··· Task material
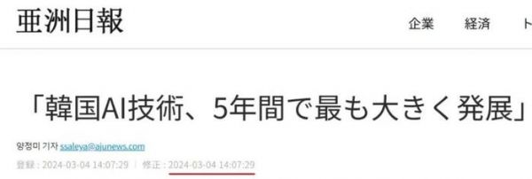▲2024年3月,韩国信息通信企画评价院所以呢,《亚洲日报》一年前的那篇报道,标题就叫:韩国AI技术,5年时间里发展最大。纯纯喜报呀!
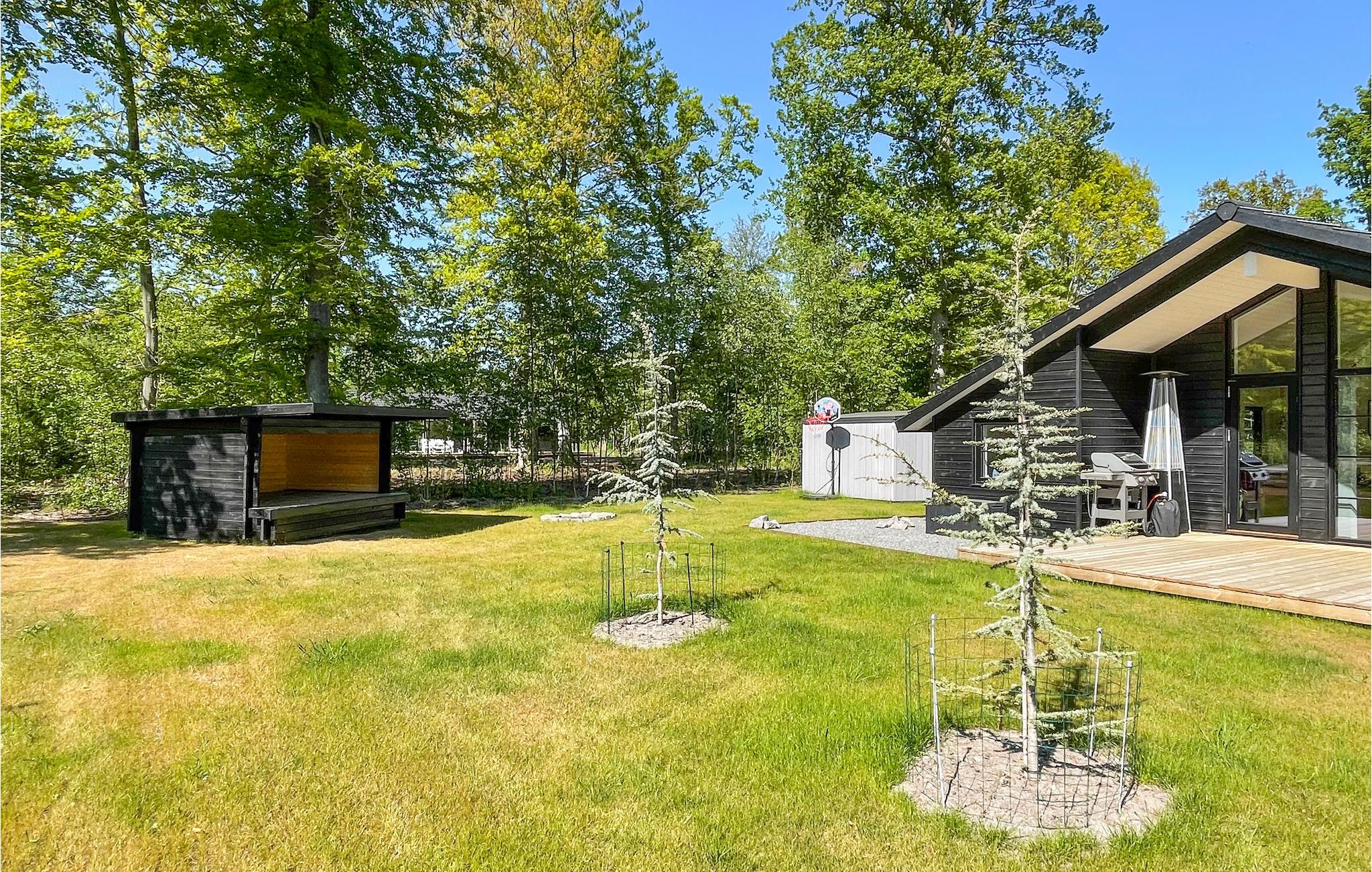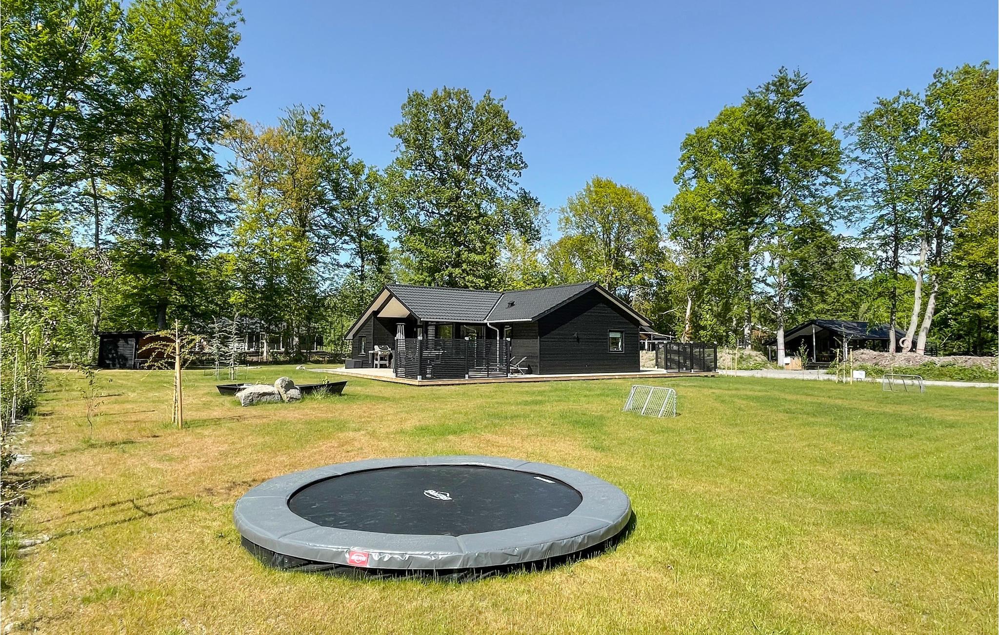 På den store, delvist overdækkede træterrasse med komfortable havemøbler kan I virkelig nyde ferien i fulde drag. Her er både pladser i solen og skyggen, og I har også en gasgrill til rådighed, så I kan tilberede lækre feriemåltider. I haven er der masser af plads til at lege og spille bold, og her finder I også et hyggeligt shelter og en trampolin til børnenes underholdning (på eget ansvar).
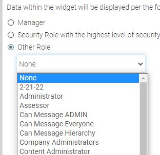 The default is for this widget to only display information pertaining to the Manager’s direct reports. However, it can also display information to users that have LMS administrative roles. If desired, select the “Security Role with the highest level of security” radio button. Selecting this option will allow users with other administrative roles in the LMS to view the activity of all of the users within their span of control. Remember if an administrator is also a manager they will see everyone within their administrative control, not just their direct reports. This list could get quite long for LMS Administrators with broad security.
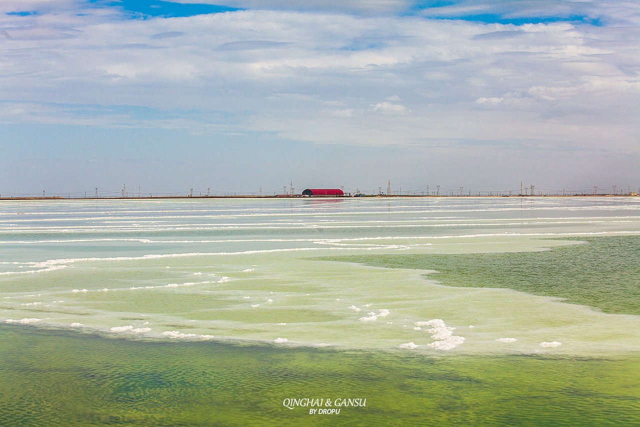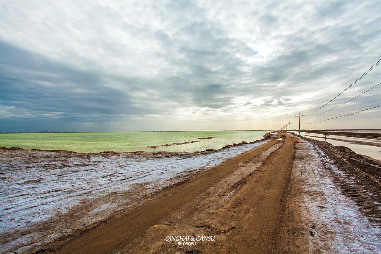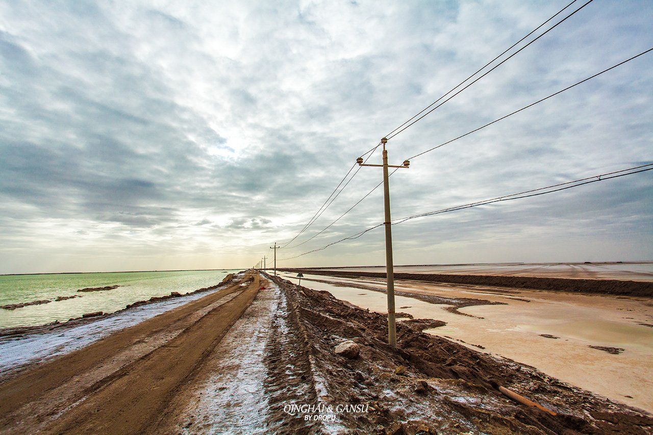 令人难以置信的是盐湖上还有一条长32公里的公路和铁路穿行而过,是一座浮在卤水上的“万丈盐桥”,公路和铁路是格尔木至敦煌公路的一段和青藏铁路的一段。
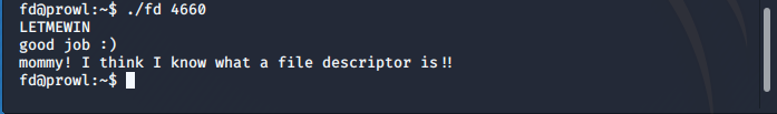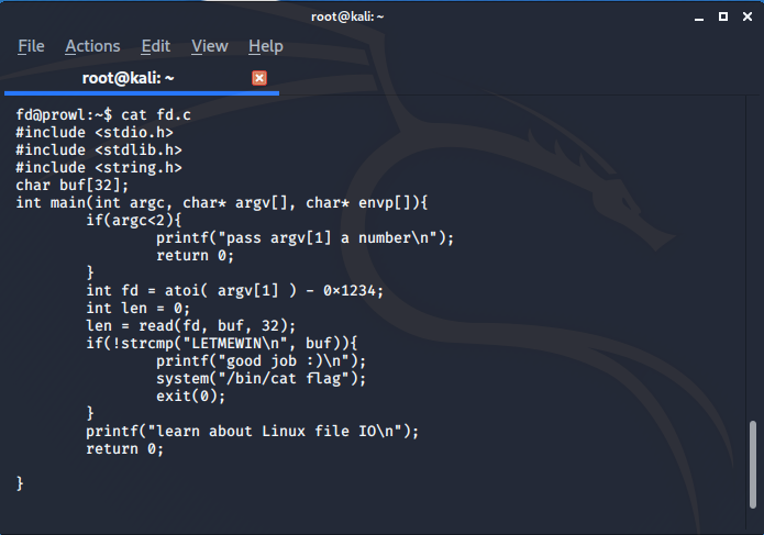 fd.c라는 파일이 있기에 cat으로 어떤내용인지 확인합니다.
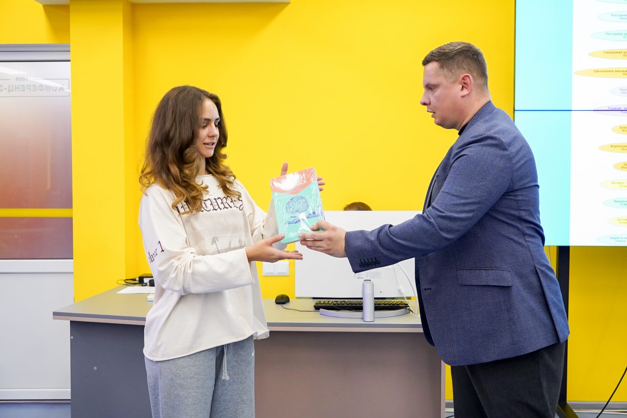 Лекція відбувалася англійською мовою та проходила в інтерактивному форматі: спікер пропонував студентам-філологам розв’язувати проблемні ситуації, з якими стикаються фахівці під час роботи в перекладацькій агенції, та знаходити варіанти відповіді на професійні виклики, спираючись на свої мовні знання та інтуїцію. Найактивніші учасники дискусії, студенти спеціальності «Філологія (Прикладна лінгвістика)»  Вероніка Лелета (3 курс) та Никита Олейников (1 курс), отримали призи: книгу, яка доводить, що штучний інтелект є інструментом у роботі перекладача, а не замінником людини, та худі з логотипом агенції. Наш гість теж отримав подарунки до дня перекладача – мерч Політехніки та книгу з серії детективів Саймона Бекетта, яку перекладала доцент кафедри Євгенія Канчура.
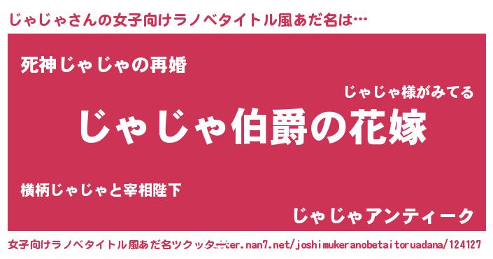 | 胡散臭い通販商品みたいなあだ名 | 『世界が平和になる高級そうな絵画…その名も「じゃじゃ」』 |
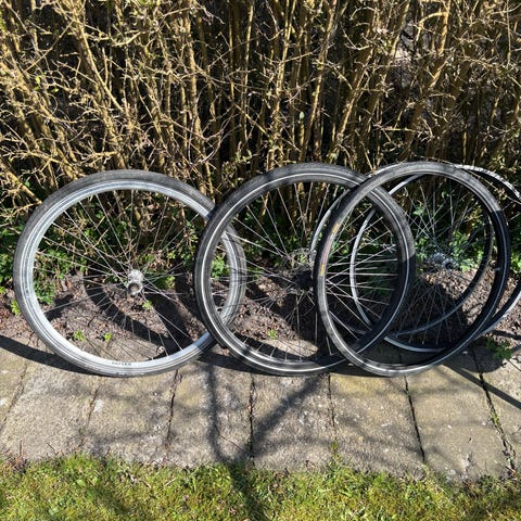 Sæt cykelhjul bestående af forhjul og baghjul med smalle fælge og dæk til citybike eller hverdagscykel. Forhjulet er udstyret med navdynamo og tilhørende forlygte med kabeltilslutning. Baghjulet har standard nav til kædetræk. Hjulene har klassiske eger og metalfælge. Velegnet som reservedele eller udskiftning på kompatible cykler med tilsvarende hjulstørrelse.
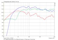 Bis auf den Pegelgewinn von leider nur ca. 5 dB (ich hätte nach der Theorie 6 dB erwartet) und leicht anderen Frequenzgängen oberhalb von 100 Hz, die ich auf die beengten Platzverhältnisse in meinem Bastelzimmer zurückführe, kann ich keinen wirklichen Unterschied erkennen. Dass die Strahlungsanpassung der "Hornvariante" mit 840 cm^2 Fläche besser als beim Reflexrohr mit 314 cm^2 und bei Bodenaufstellung besser als bei gedrehter Variante ist, möchte ich nicht in Abrede stellen. Das sollte aber über die Messung und Flächenskalierung berücksichtigt sein.
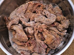 Pegue a carne marinada e passe na farinha – nós preferimos maizena ou mistura de maizena com farinha, mas pode ser só farinha.
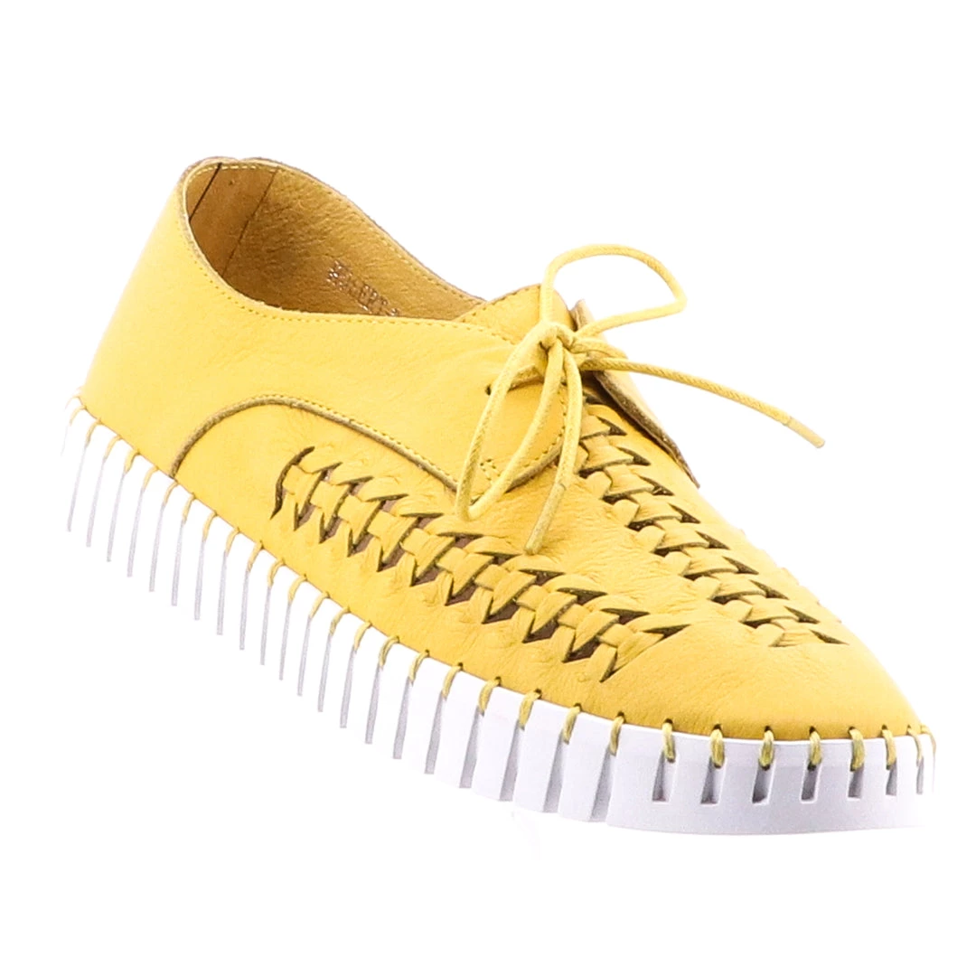 Walk the weave in the Hubert Lace Up Shoes by Django & Juliette! These Buttercup Yellow leather shoes have a spongey sole that soak up your steps as you create unforgettable memories! The soft leather has been woven to add a touch of Pizazz to these every day delights! Unparalleled comfort and a splash of quirk make the Hubert shoe a must have this season!
······
What you have to do
Reproduce, exactly and with no pictures, the lines from the line containing "胡散臭い通販商品みたいなあだ名 | 『世界が平和になる高級そうな絵画…その名も「じゃじゃ」』 |" through the closing line of the data above, keeping both ends.

Written answer
 | 胡散臭い通販商品みたいなあだ名 | 『世界が平和になる高級そうな絵画…その名も「じゃじゃ」』 |
 Sæt cykelhjul bestående af forhjul og baghjul med smalle fælge og dæk til citybike eller hverdagscykel. Forhjulet er udstyret med navdynamo og tilhørende forlygte med kabeltilslutning. Baghjulet har standard nav til kædetræk. Hjulene har klassiske eger og metalfælge. Velegnet som reservedele eller udskiftning på kompatible cykler med tilsvarende hjulstørrelse.
 Bis auf den Pegelgewinn von leider nur ca. 5 dB (ich hätte nach der Theorie 6 dB erwartet) und leicht anderen Frequenzgängen oberhalb von 100 Hz, die ich auf die beengten Platzverhältnisse in meinem Bastelzimmer zurückführe, kann ich keinen wirklichen Unterschied erkennen. Dass die Strahlungsanpassung der "Hornvariante" mit 840 cm^2 Fläche besser als beim Reflexrohr mit 314 cm^2 und bei Bodenaufstellung besser als bei gedrehter Variante ist, möchte ich nicht in Abrede stellen. Das sollte aber über die Messung und Flächenskalierung berücksichtigt sein.
 Pegue a carne marinada e passe na farinha – nós preferimos maizena ou mistura de maizena com farinha, mas pode ser só farinha.
 Walk the weave in the Hubert Lace Up Shoes by Django & Juliette! These Buttercup Yellow leather shoes have a spongey sole that soak up your steps as you create unforgettable memories! The soft leather has been woven to add a touch of Pizazz to these every day delights! Unparalleled comfort and a splash of quirk make the Hubert shoe a must have this season!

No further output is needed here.